Exercise instructions: Only the lines from the one with "O Creme Milagroso" through the end of the data below belong in the answer, restated word for word, pictures excluded.

Data shown:
------------------------
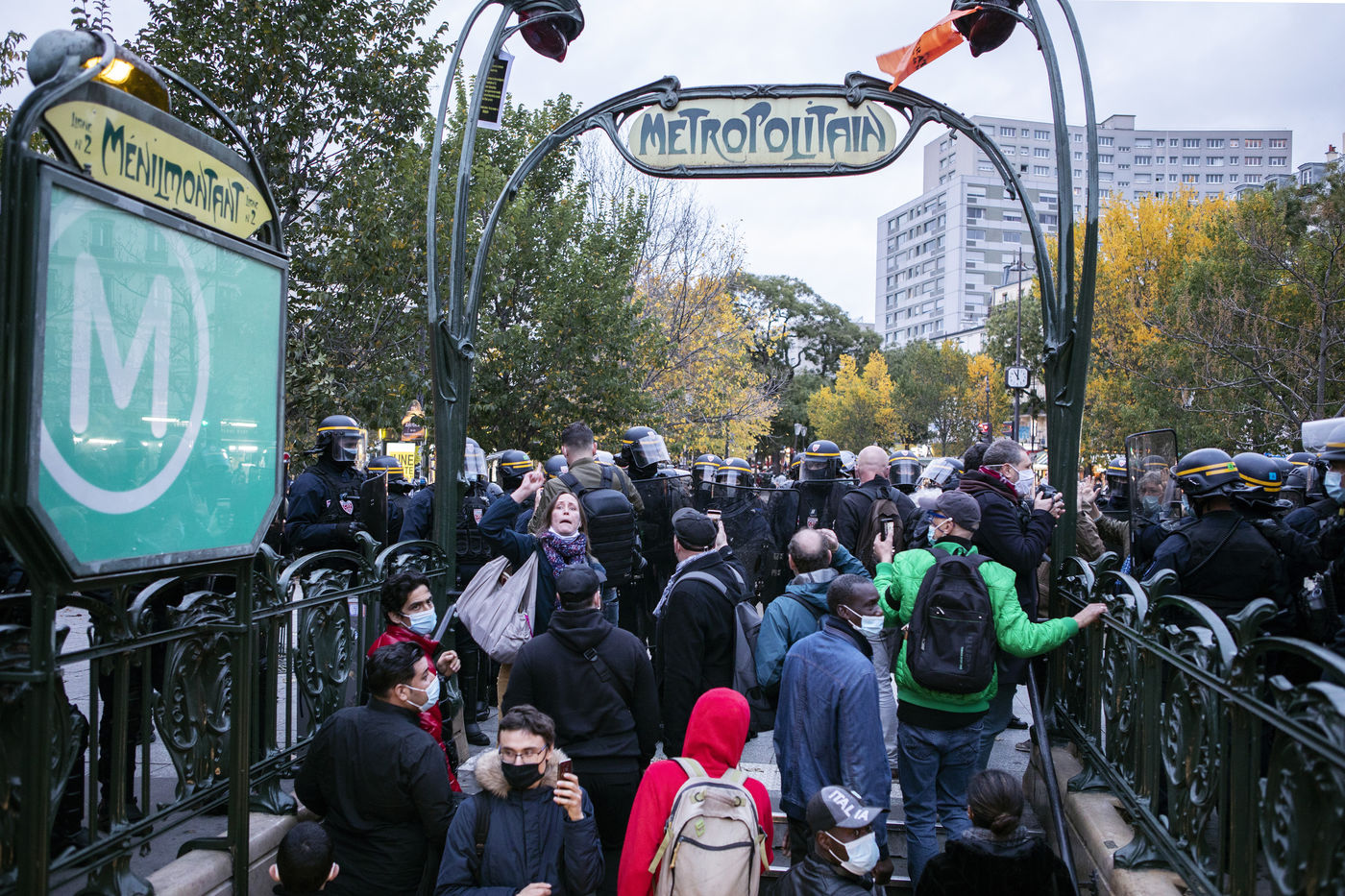 Aujourd'hui avait lieu un rassemblement pour protester contre le couvre-feu, son efficacité et ses effets liberticides. Ce rassemblement a été encerclé par les CRS et la BRAV. La police a menacé les manifestants en les encerclant et en les poussant dans le métro.
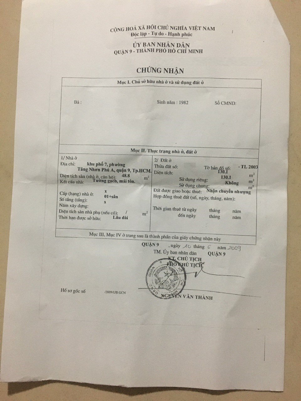 Địa chỉ tài sản: đường 102 phường Tăng Nhơn Phú A, Phường Tăng Nhơn Phú A, Quận 9, Hồ Chí Minh
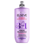 O Creme Milagroso Elseve 3 em 1 Hidra Hialurônico combina três funções em um único produto: creme para pentear, tratamento intensivo e supercondicionador. Sua fórmula enriquecida com ácido hialurônico oferece hidratação profunda sem pesar e vem em uma embalagem de 500ml.
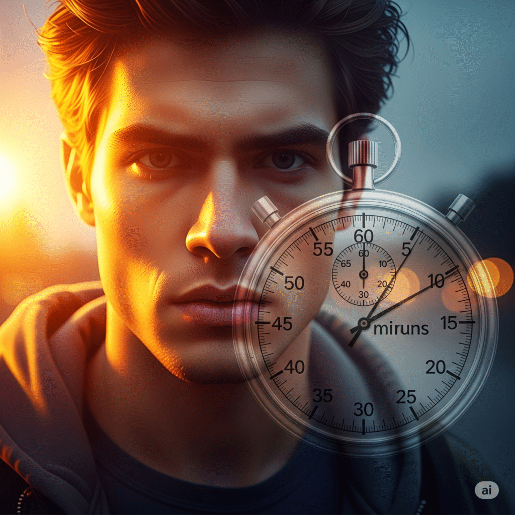 Imagery Idea: Stopwatch overlay on glowing portrait — “10 minutes” bold text.
------------------------
Response to the task:
 O Creme Milagroso Elseve 3 em 1 Hidra Hialurônico combina três funções em um único produto: creme para pentear, tratamento intensivo e supercondicionador. Sua fórmula enriquecida com ácido hialurônico oferece hidratação profunda sem pesar e vem em uma embalagem de 500ml.
 Imagery Idea: Stopwatch overlay on glowing portrait — “10 minutes” bold text.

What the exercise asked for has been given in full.